やりかたは簡単で、フライパンに塩をふった食材を入れ、そこに、食材の6ぶんめくらいまでが浸る量の日本酒(安いパックの酒でじゅうぶん)を注ぎ、フタをして中火で、水気がなくなるまでほっておくだけ。

自分で言うのもなんですが、これがなかなかに汎用性高く、その割に斬新なアイデアだったようで、デイリーポータルZで発表したあともいくつかの雑誌やWEB媒体などで取材を受け、紹介させてもらったりしました。そして、そういう機会に、まだやったことのない新しい食材やお酒、蒸しかたを試してみると、まだまだ新しい発見があるんですよね。

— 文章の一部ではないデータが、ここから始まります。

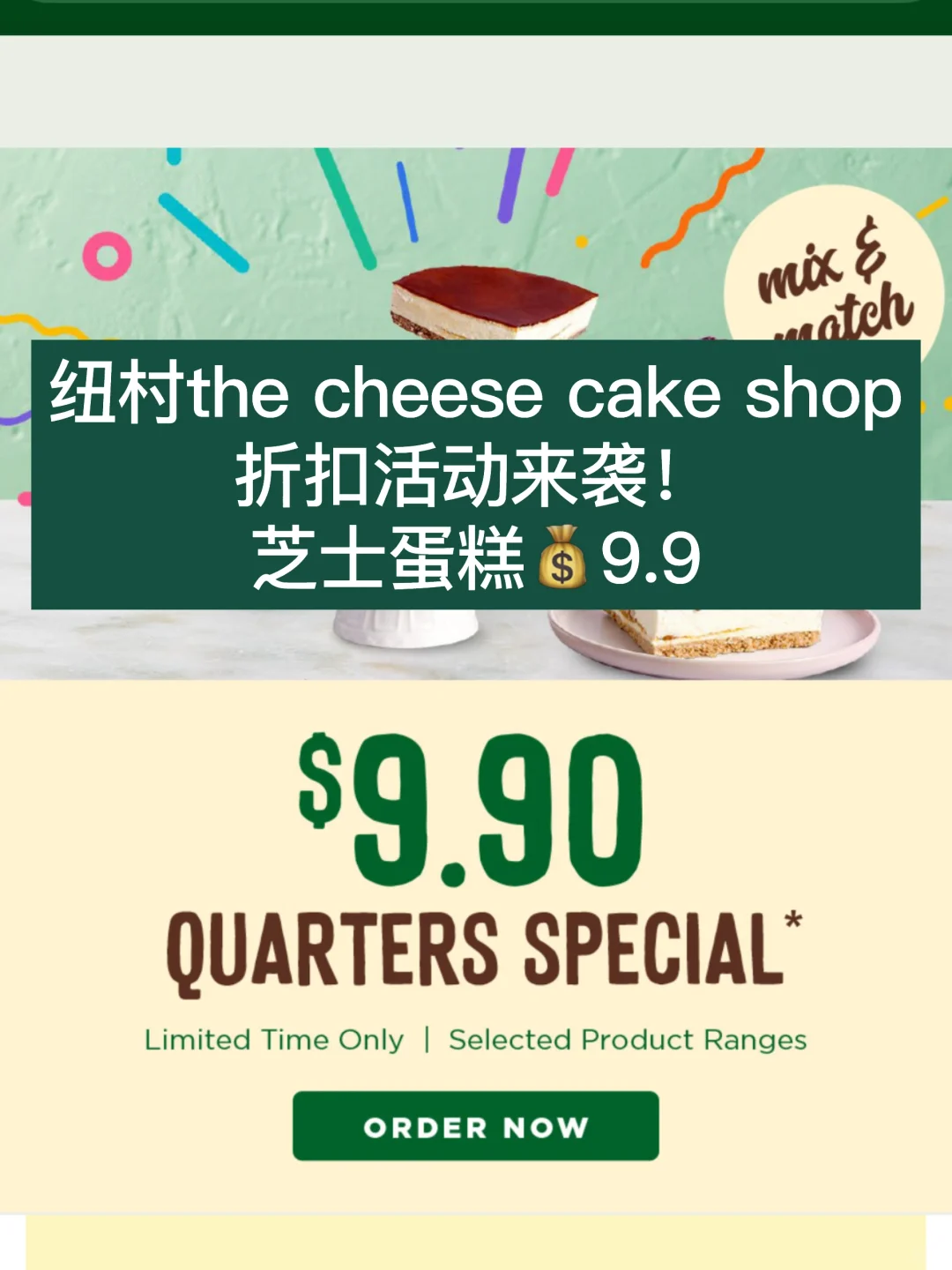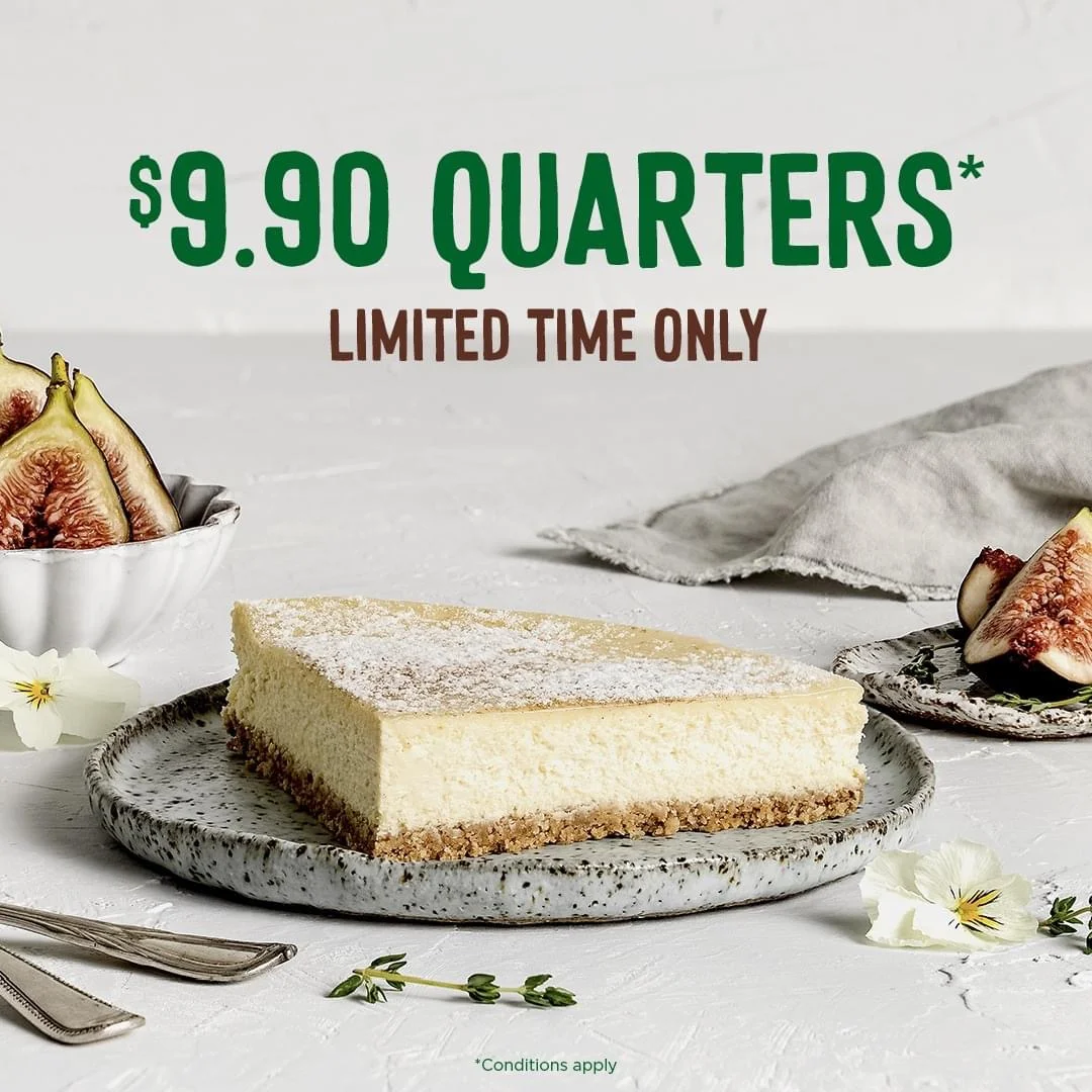 纽村The cheese cake shop现在推出💰9.9品尝一件(quarters)蛋糕活动!可以选择的种类包括 Cheesecakes, Baked Cheesecakes, Mudcakes, Tortes & Gateaux and Everyday Delights 从2024年9月16日开始,到2024年9月29日下午3点结束~ 这个价格可以一次品尝多种口味了!想要多种口味都能品尝到了这个活动千万不要错过[大笑R][大笑R] 关注我,下一篇更精彩

そこで、ここらでその技術を体系立ててまとめ、酒蒸し法に決着をつけてやりたいと思ったのです。

具体的には、

・日本酒以外に酒蒸しに使って美味しいお酒は?
・酒蒸し法のベストな火加減は?

この2点をじっくりと検証してみようかと。

というわけで、酒蒸し法、いよいよ最終章です。

いろんなお酒で蒸し比べ

まずは「日本酒以外に酒蒸しに使って美味しいお酒は?」の件。

世の中には無数のお酒があり、それをかたっぱしから検証していくには時間が必要すぎます。そこでまず、コンビニやスーパーでも比較的手に入りやすい9種類のお酒を買ってきてみました。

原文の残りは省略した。